> [YOUR TASK] For the data below, transcribe the part that opens with the line containing "大松(TOSOT)格力电饭煲家用 4-5-8人大容量5L电饭锅柴火饭 多功能智能蒸煮" and closes with the line containing "Obsahuje kvalitní 13", exactly and with no pictures.

> [DATA FOR ANALYSIS]
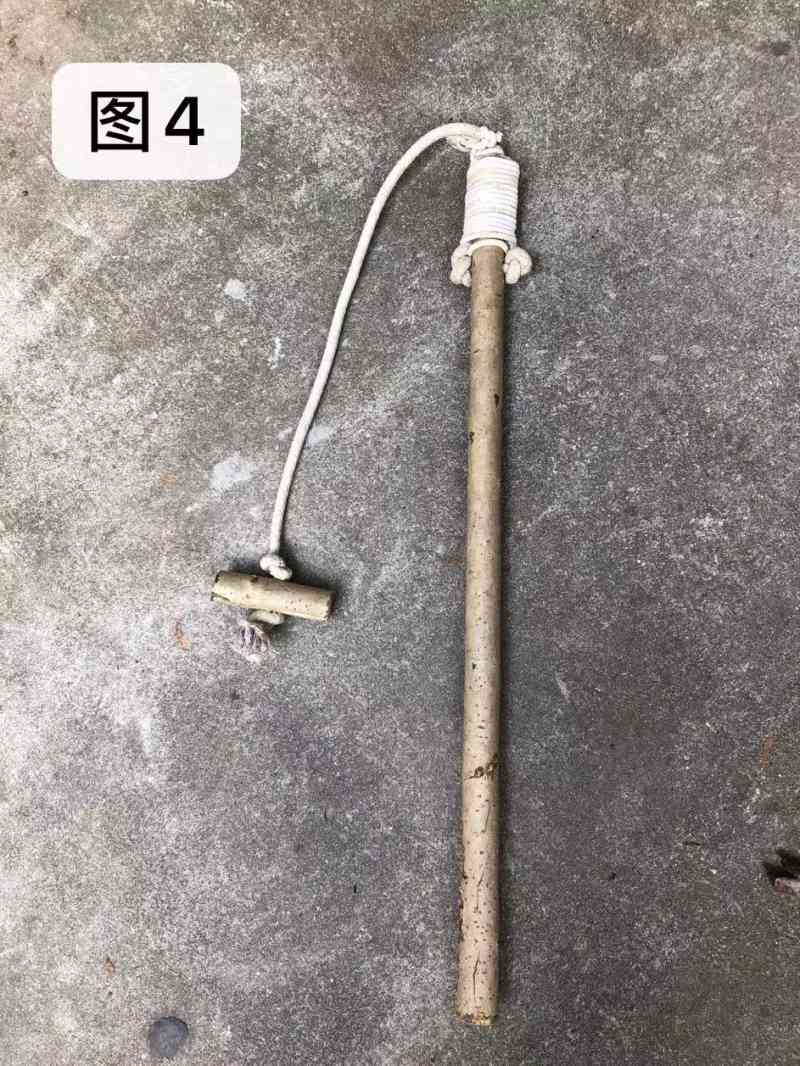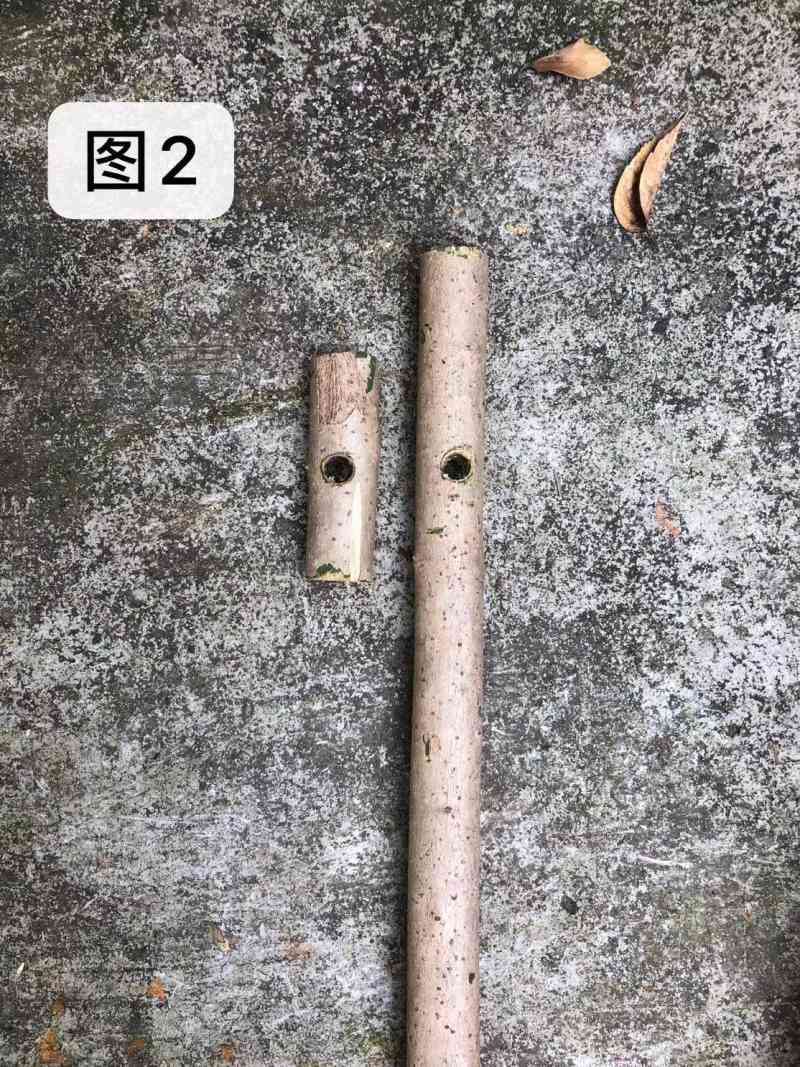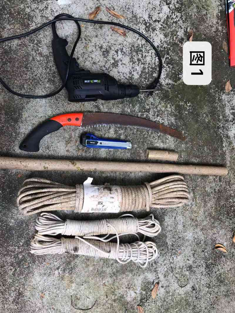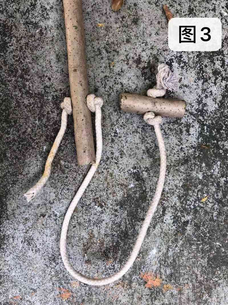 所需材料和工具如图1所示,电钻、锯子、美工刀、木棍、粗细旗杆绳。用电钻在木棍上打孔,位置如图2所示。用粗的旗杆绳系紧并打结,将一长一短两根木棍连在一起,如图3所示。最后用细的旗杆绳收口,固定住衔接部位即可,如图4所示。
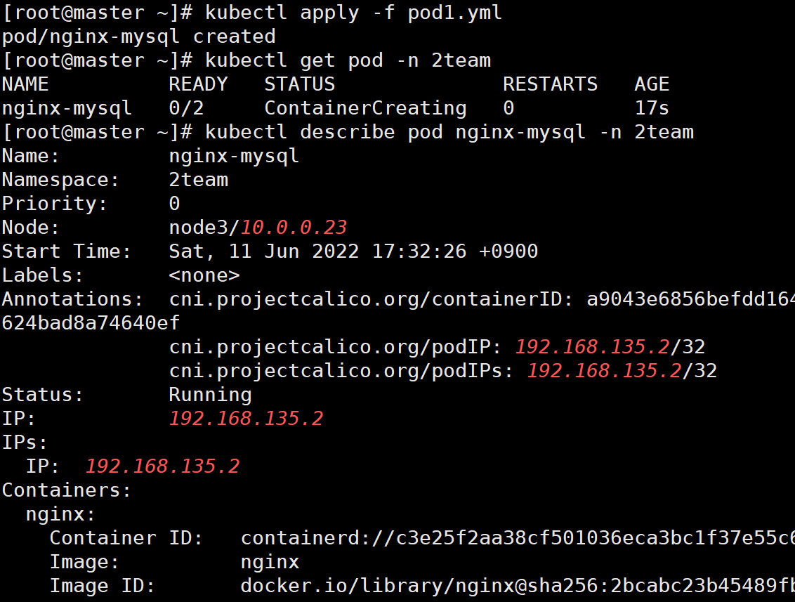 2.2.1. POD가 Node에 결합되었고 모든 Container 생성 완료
...
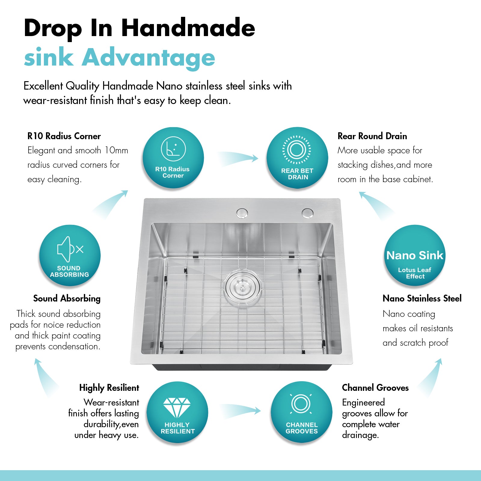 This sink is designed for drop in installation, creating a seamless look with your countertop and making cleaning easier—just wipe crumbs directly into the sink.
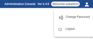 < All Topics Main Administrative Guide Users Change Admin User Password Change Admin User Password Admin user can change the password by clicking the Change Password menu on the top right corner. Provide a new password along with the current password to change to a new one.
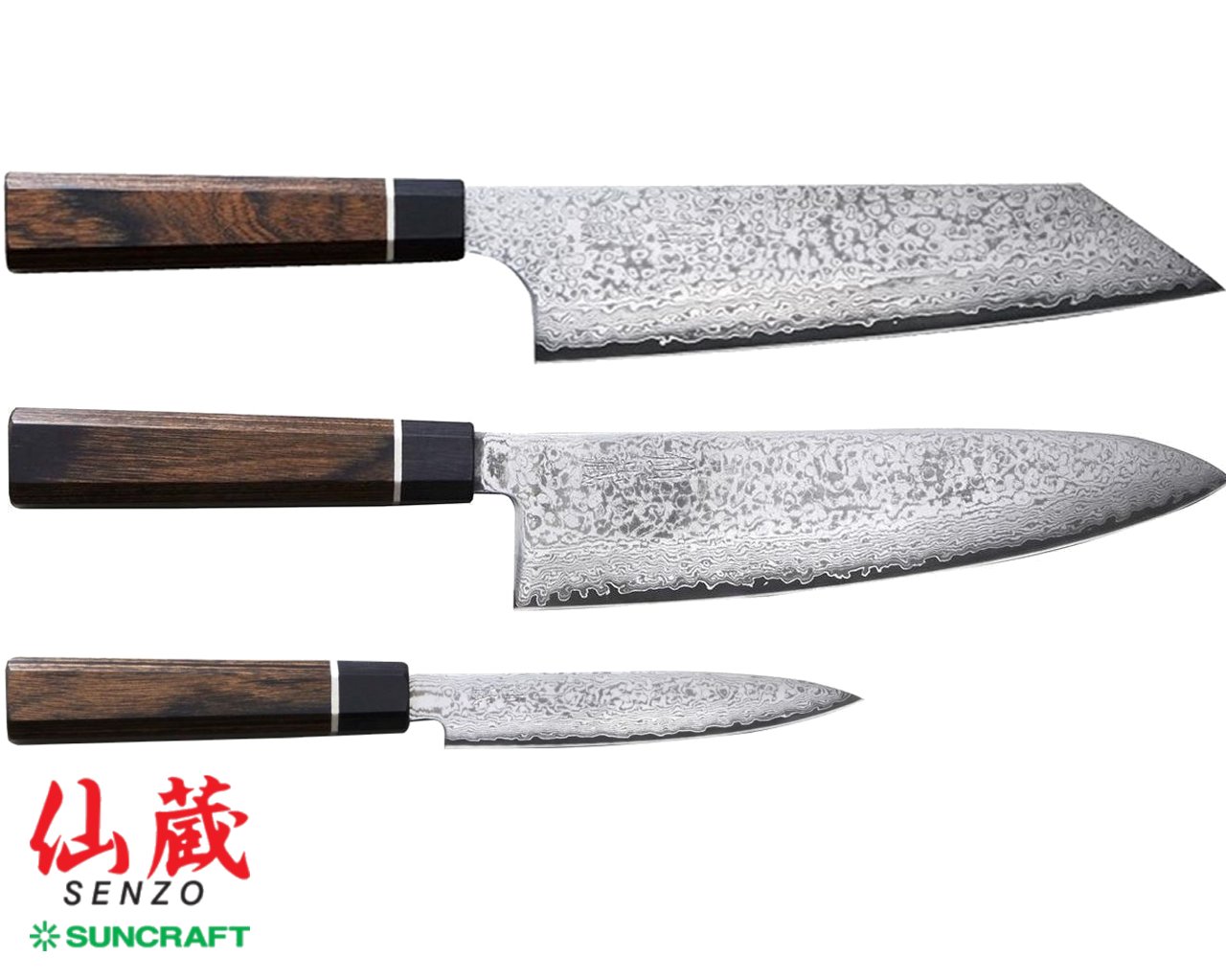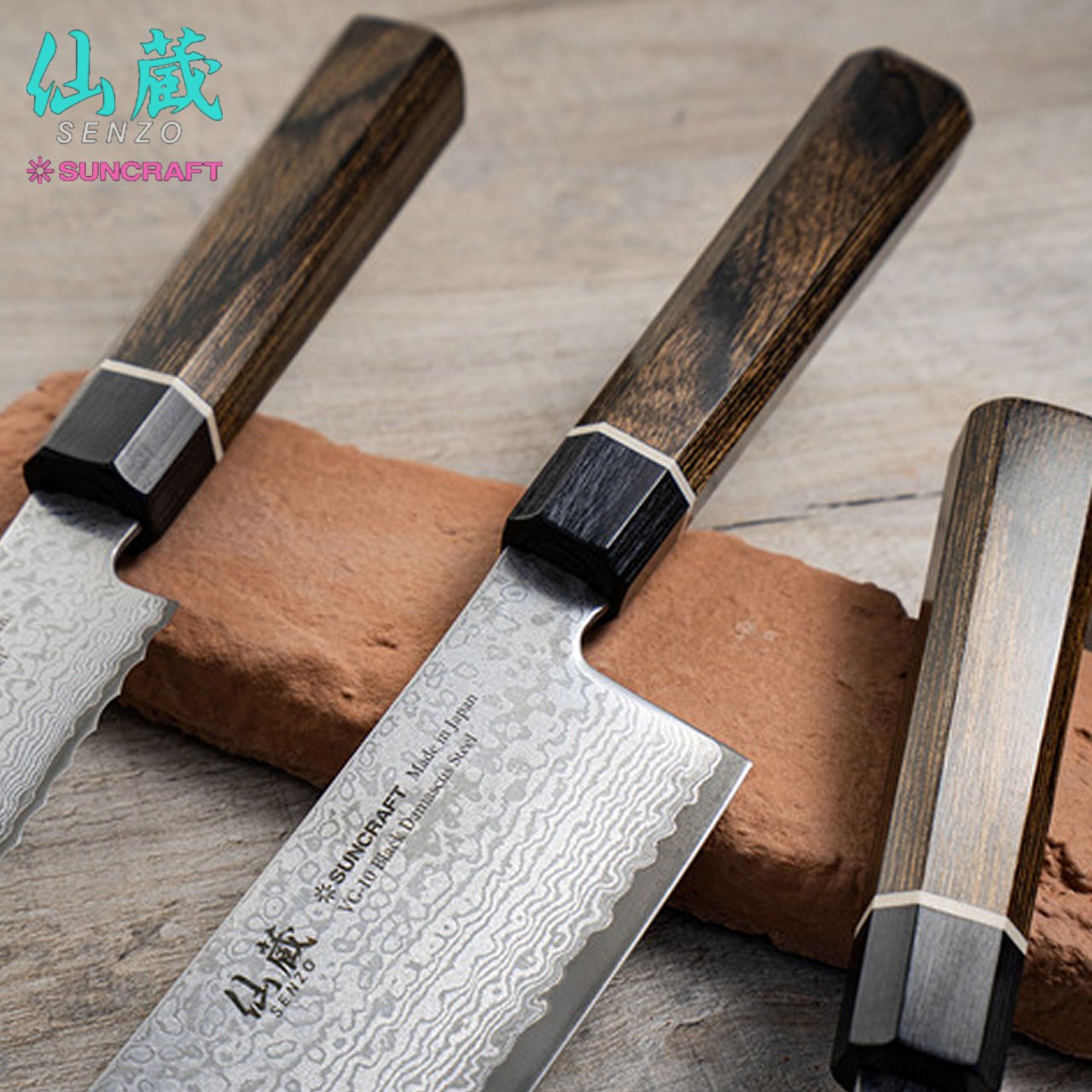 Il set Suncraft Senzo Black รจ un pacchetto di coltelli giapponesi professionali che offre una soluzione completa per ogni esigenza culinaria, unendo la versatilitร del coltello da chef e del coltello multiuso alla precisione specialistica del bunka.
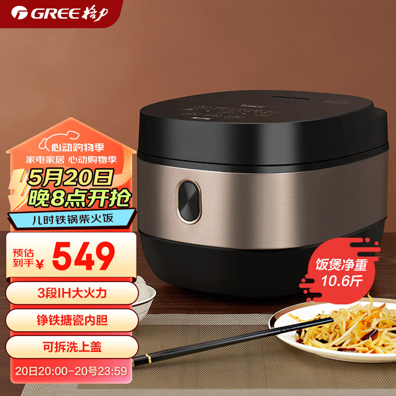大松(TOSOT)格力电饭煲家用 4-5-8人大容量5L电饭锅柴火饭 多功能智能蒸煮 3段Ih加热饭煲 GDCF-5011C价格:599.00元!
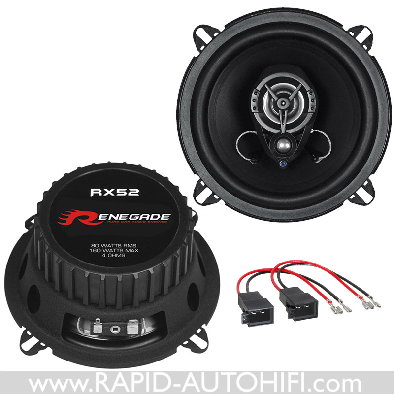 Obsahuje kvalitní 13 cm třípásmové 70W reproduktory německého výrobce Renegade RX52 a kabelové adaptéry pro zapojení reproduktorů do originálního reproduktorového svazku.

> [TASK SOLUTION]
大松(TOSOT)格力电饭煲家用 4-5-8人大容量5L电饭锅柴火饭 多功能智能蒸煮 3段Ih加热饭煲 GDCF-5011C价格:599.00元!
 Obsahuje kvalitní 13 cm třípásmové 70W reproduktory německého výrobce Renegade RX52 a kabelové adaptéry pro zapojení reproduktorů do originálního reproduktorového svazku.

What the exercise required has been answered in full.